Among the Philippine hornbills, it is most closely related to the Sulu hornbill but is differentiated by its white bill and face versus the Sulu hornbill's jet black features.

== Behaviour and ecology ==
The Palawan hornbill consumes mostly fruit, but also occasionally insects and vertebrates. Due to its large size and home range, it is an important vector of seed dispersal for large-seeded trees. Many ground-dwelling seed-eating mammals live beneath such trees, and in areas where hornbills have become rare,
consume such a large percentage of the fallen seeds that they threaten the trees' survival.

It is usually seen in pairs or small noisy family groups, and it has a communal roosting site. It is most usually observed in fruiting trees at the forest edge, but it also feeds on insects and small reptiles.

== Habitat and conservation status ==
It inhabits primary and secondary dipterocarp forest, mangrove swamps and forest edge up to 900 meters above sea level. It has also occasionally been recorded visiting farmland and cultivations. It requires large trees for nesting. While they can tolerate secondary forest, they have the highest population densities and health in primary (old-growth) forest

It is officially classified as vulnerable with the population estimated, as of 2021, to be between 20,000 – 49,999 mature individuals. This population is decreasing, projected to decline by 31% over the species' next three generations due to habitat destruction, hunting for food, and the live bird trade. It is threatened by habitat destruction through logging, conversion into agricultural land or urban development and mining.

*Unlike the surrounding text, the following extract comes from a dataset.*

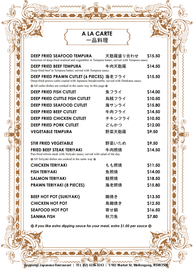 Jenis menu ala carte menu ala carte adalah suatu susunan menu dimana setiap makanan yang dicantumkan pada daftar makanan tersebut disertai dengan harga tersendiri. Pengertian ala carte restaurant mengindikasikan bahwa restoran tersebut mempunyai menu yang masih fresh dan belum dimasak. O sphagethi marinara rp. Jadi proses pembuatannya juga sedikit agak lama. Menu or a bill of fare is a list of prepared and presentation should attract customer and represent value for moneydalam terjemahannya berarti menu adalah sebuah daftar makanan yang telah dilengkapi dengan harga masing masing yang disediakan dan ditampilkan untuk menarik pelanggan serta memberikan nilai. Ada 50 gambar contoh desain menu makanan ala carte keren untuk membuat bisnis anda semakin ramai.
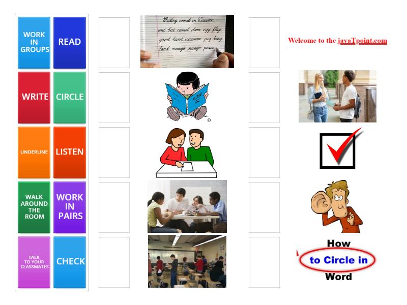 UNDERLINE, CIRCLE, CHECK​, LISTEN, READ, WORK IN PAIRS​, WORK IN GROUPS​, WRITE​, WALK AROUND THE ROOM​, TALK TO YOUR CLASSMATES​,

The species is present in conservation areas - the entirety of Palawan has been designated a biosphere reserve but actual protection and enforcement against logging and hunting has been difficult. There are populations in several other protected areas such as Puerto Princesa Subterranean River National Park, El Nido Marine Reserve and others. It is listed in CITES as Appendix II.

Conservation actions proposed include surveys in the remaining lowland forests throughout its range, and getting a better understanding of the scope and impact of illegal capture for the bird trade on the species. More research on the species' needs for successful nesting is needed, and an expansion of protected areas within its range (notably, Puerto Princesa Subterranean River National Park) would be ideal.